Rute vive assim desde que subiu ao altar com seu escolhido Cornélio, um homem simples, trabalhador e de pouca conversa. Acorda cedo para colocar o lixo na rua e já com a vassoura na mão começa a lida diária, deixando a calçada livre das folhas que teimam em descer das árvores, recolhe papéis e toda sorte de lixo que a população insiste em abandonar bem em frente da sua casa. Ainda na calçada, de chinelo nos pés e robe amarrado na cintura recebe o pão quentinho que o padeiro Vicente diligentemente entrega tão logo a boca do forno o autorize. No interior da casa, café fumegando, leite quente e mesa posta. Hora de acordar as crianças para que façam a higiene sem um til de barulho que é para não acordar o pai que chegou de madrugada. Os filhos, arrumadinhos e rápidos, pegam o lanche, a pasta de livros e sobem a rua direita que vai dar na escola.

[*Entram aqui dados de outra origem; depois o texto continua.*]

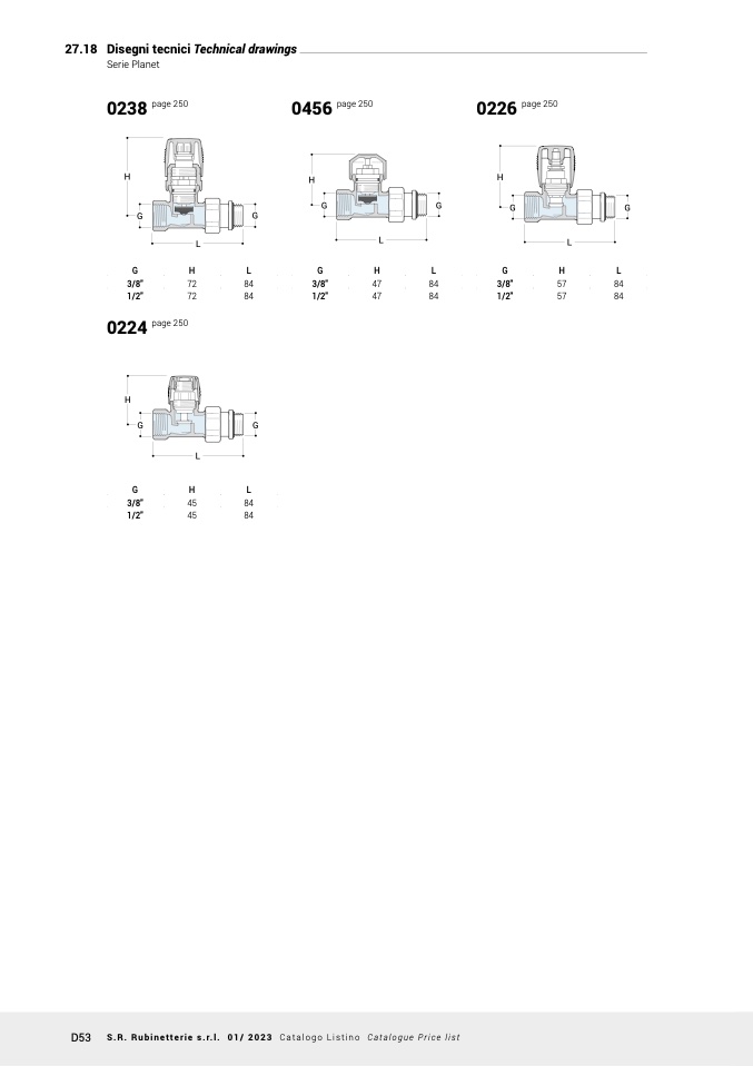 D53 S.R. Rubinetterie s.r.l. 01/ 2023 Catalogo Listino Catalogue Price list
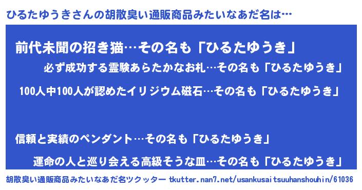 | ヘコむあだ名 | 『ひるたゆうき(笑)』『レバニラ』 |

Rute estende a roupa no varal e ensaboa aquela outra que descansou a noite toda no fundo do balde. Trata também da roupa suja que o marido trouxe, coitado! Depois da primeira lavada, precisava de sol para voltar à cor. E toma o seu café em pé mesmo, e num só gole, que o tempo vai acelerado e tem muita coisa para fazer. Nesse instante, morta de saudade, vai até o quarto e pára surpresa, a observar o seu pobre Cornélio que, ainda dormindo, abre um sorriso como há muito ela não via. De repente, veio-lhe um pensamento esquisito, como o diabo a inventar histórias. Tentou se lembrar quando foi a última vez que viu aquele sorriso leve e de puro gozo. Em vão, nada conseguiu além da certeza de que Cornélio raramente distribuía sorrisos em casa. E não era porque estivesse assoberbado de coisa a fazer não, pois, sempre que vinha das suas andanças, a mulher lhe entregava as contas todas pagas com o que arrecadava da venda de bolos e docinhos feitos em casa. E, se não havia contas a pagar, também não havia cobranças de mulher casada oficialmente. Rute era um anjo de mulher, mais anjo que mulher.

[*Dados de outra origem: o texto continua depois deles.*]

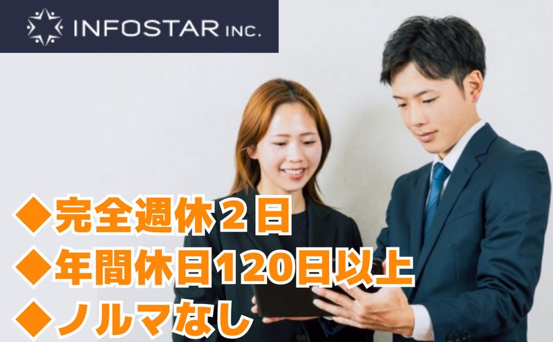 仕事内容 ★未経験OK&学歴・職歴いっさい不問 ★ノルマなしで安心◎件数に追われない ★平日休み(月・火)で混雑を避けられる ★年間休日120日&10時出社で朝ゆっくり ★転勤はありません! 「今の仕事、悪くはない。でも…」 「営業って、なんだかかっこいい!」 そんな純粋な気持ちからのスタートでOK。 今は工場や運送などの夜勤で 体を酷使している方や、日中の安定した 働き方に切り替えたい方… そんなあなたの、異業種からの転職も 応援&丁寧にサポートいたします✨ インフォスターは、 “ちゃんと評価される営業人生”を 始められる場所です。  ̄ ̄ ̄ ̄ ̄ ̄ ̄ ̄ ̄ ̄ ̄ ̄ ̄ ̄ ̄ ̄ ̄ ̄ ̄ 【仕事内容】 あなたにお願いするのは、 NTT光回線サービスのご案内営業。 誰もが知るNTTブランドだから話を聞いて もらいやすく提案しやすいのが特徴です◎ ⏩最初のうちは支店に集合し、先輩や 仲間と一緒に車で営業先へ向かいます。 帰りも迎えの車が来るので安心です。 ――――――――――――――――――― 【仕事の流れ】 ① 準備 訪問先リストを確認、 地図アプリでルートをチェックして出発! ② 訪問・ヒアリング 「ネットが遅い」「料金が高い」など、 お客様の困りごとを聞くのが最初の仕事。 話をしっかり聞くことが大切です。 ③ サービス案内 NTT光回線の内容をわかりやすく説明。 売り込むより、“相談にのる営業”スタイル。 専門知識は研修&資格 (ドットコムマスター)で習得可能! ④ 報告・共有 訪問結果をタブレットで入力して報告。 週1回のミーティングで、先輩と情報共有◎ ⭐訪問先や予定に合わせ出勤時間を調整可。 自由度の高い働き方ですが、 自己管理が大切です。 ――――――――――――――――――― 【サポート・研修体制】 入社後はまず1週間のWeb研修で、お客様 対応の流れや商品知識をしっかり学びます。 NTT商品を扱うための資格 (ドットコムマスター) を、入社後に 取得していただきます。 資格取得に向けたサポートも充実! 週に1度の大阪支店出社時は、 ・営業報告の共有 ・他スタッフとの情報交換 ・お客様対応ロールプレイ ・商品や新サービスの研修 などを行い、営業スキルを磨いていきます。 ――――――――――――――――――― 【この仕事のポイント】 ⭐転勤なし ⭐完全週休2日制(月曜・火曜) └平日休みなので、 観光地も役所も病院も空いていて快適! ⭐年間休日120日以上 ⭐10時出社だから朝の準備もゆったり ⭐ノルマなし&件数に追われないスタイル ⭐未経験スタート多数活躍中! 「話すことが好き」「人の役に立ちたい」 そんな気持ちがあれば、 経験も学歴も職歴も関係ありません。 ――――――――――――――――――― 【活躍中の先輩インタビュー】 Sさん/30歳/営業(アドバイザー) ― 入社のきっかけは? 大学卒業後、ビルメンテナンス会社で マンション管理の仕事をしていました。 インフォスターを知った時、 「個性を大事にする社風」と 「結果がきちんと評価される環境」に 惹かれて入社を決めました。 ― インフォスターの魅力は? やりたいことは、手を上げれば 挑戦させてもらえる会社です。 大手のような窮屈さがなく、 スケジュールも自分で組めるので 早く帰ったり、飲みに行ったりもできます☺ 待遇や報酬も満足していますが、 それ以上に“刺激がある”会社だと感じます。 ― 仕事の面白さは? お客様から「ありがとう」と 言ってもらえた瞬間が一番嬉しいです。 契約を取れた時も、社長や上司がちゃんと 「よくやった」と声をかけてくれる。 それがモチベーションになっています✨ ― どんな会社? 厳しさと楽しさのバランスがいい会社です。 仕事は真剣、でも普段は冗談も言い合える。 一体感のある職場だと思います。 ――――――――――――――――――― 営業と聞くと、 「ノルマがきつい」「数字に追われる」 そんなイメージがあるかもしれません。 でも当社の営業は、 お客様のお困りごとを解決する仕事。 「ネット回線が遅くて困ってたのよ」 「助かった、ありがとう」 そんな言葉を直接もらえる瞬間が、 何よりのやりがいです! 「今の仕事が嫌いなわけじゃない。 でも、このままでいいのか…」 そんな気持ちを、 一度でも抱いたことがあるなら。 インフォスターは、 “やり直し”ではなく “ステージアップ”の転職先です。 面接は履歴書不要。 まずは一度、気軽にお話してみませんか? ―――――――――――――――――――

Certo é que aquela manhã marcou um outro tempo na vida daquele casal. Aquele sorriso aberto despertou a desconfiança de que seu homem a tivesse substituído. E veio uma vozinha escondida lá no fundo da alma, que se encarregou de dar fermento ao ciúme. E se fosse verdade que Cornélio arranjara outra, não aceitaria calada aquele papel de enganada e desprotegida. Lutaria de cabeça erguida!
Certo mesmo é que seus pensamentos começaram a ferver, atormentando-a com dúvidas e casos de amigas e parentas igualmente traídas e igualmente caladas. Não, pensava, com ela o buraco era mais embaixo. E o que era paz e harmonia naquela família simples passou a ser planos da batalha que estava por vir e que haveria de restaurar a verdade. Passou, então, a vigiar Cornélio em todos os lugares, espreitando-o no quarto, no banheiro, nas conversas com as vizinhas em frente à casa. Em tudo via a possibilidade da traição! E passou a dormir pouco, o que lhe dava pouco ânimo para a produção e venda de docinhos e bolos. Também os filhos conheceram da mudança que se processava na mãe, que quase sempre acordava cansada, triste e já nem se esmerava tanto com os uniformes da escola, deixando a casa em segundo plano e a família também. E Cornélio, vendo a mudança da mulher, suspeitou de que algo errado estava se passando debaixo do seu nariz. E também ele passou a observar a mulher, dando corda e puxando, chegando fora de hora, cheirando vestidos, camisas e lenços. Ocupou-se melhor ainda da contabilidade doméstica e viu com surpresa que, nos últimos quarenta dias, a venda tinha despencado, tanto que recebeu cobrança do Juca Bananeiro, do Bié do açougue e também da padaria.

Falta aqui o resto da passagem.